The silly implication of Betty's argument was that she was simply more anguished by racism than she was excited about exposing students to great literature. After all, universities had taught great literature for centuries and failed to prevent racism. Where was the moral authority of a literary excellence, she essentially argued, that had in no way prevented the plunder of the world's colored peoples? Hadn't Shakespeare preceded colonial empire? And hadn't certain indisputably excellent writers—Kipling, Conrad, Hemingway, Faulkner, and many others—been apologists for white supremacy? Didn't we cringe when the rare black character came shuffling onstage in their works, hat in hand, and giving life to the most prosaic stereotypes? Had
literary genius spared these writers from white blindness in the form of common bigotry? So possibly an angry, if untalented, black writer was not so bad. And the mere racialism and protest in the later work of genuinely talented writers like James Baldwin and Toni Morrison was not so bad either. If these writers had allowed a misplaced group loyalty—and some mythical idea of “blackness”—to render them trite, their ubiquity on university reading lists showed a
white
openness to the pained “truth” of black anger.

 

I had not understood, at the time of my ruckus with Betty, how vast the vacuum of moral authority at the center of American life really was. Nor had I understood that when a society has a great need like this, when the very legitimacy of its institutions must constantly be proven, power
shifts
to those like Betty who claim to meet that need. White guilt had put a new power into play in American society, and had made a new class of people—the Bettys of the world—powerful. My argument for excellence and merit was supported by a waning power. Even then, in the early eighties, there was no longer enough authority to give excellence priority over things like “diversity” and “inclusion.”

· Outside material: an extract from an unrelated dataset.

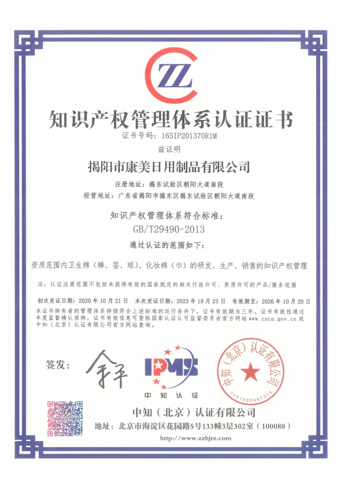 知識產(chǎn)權(quán)管理體系認(rèn)證書

But dissociation is a power that
always
works by eroding the quality of its host institution. It is at war not only with excellence, but also with intellectual difficulty and accountability of any kind. In this age of white guilt, these things have been stigmatized as oppressive and unnecessarily fastidious. Dissociation is to make things easier. And there is no better example of the self-destruction that dissociation brings to institutions than the American public schools. Those who would take power by
making things easier have all but destroyed what was once the greatest public education system in the world. In more liberal states like California, where dissociation has been an orthodoxy if not a religion, the schools are even worse than elsewhere.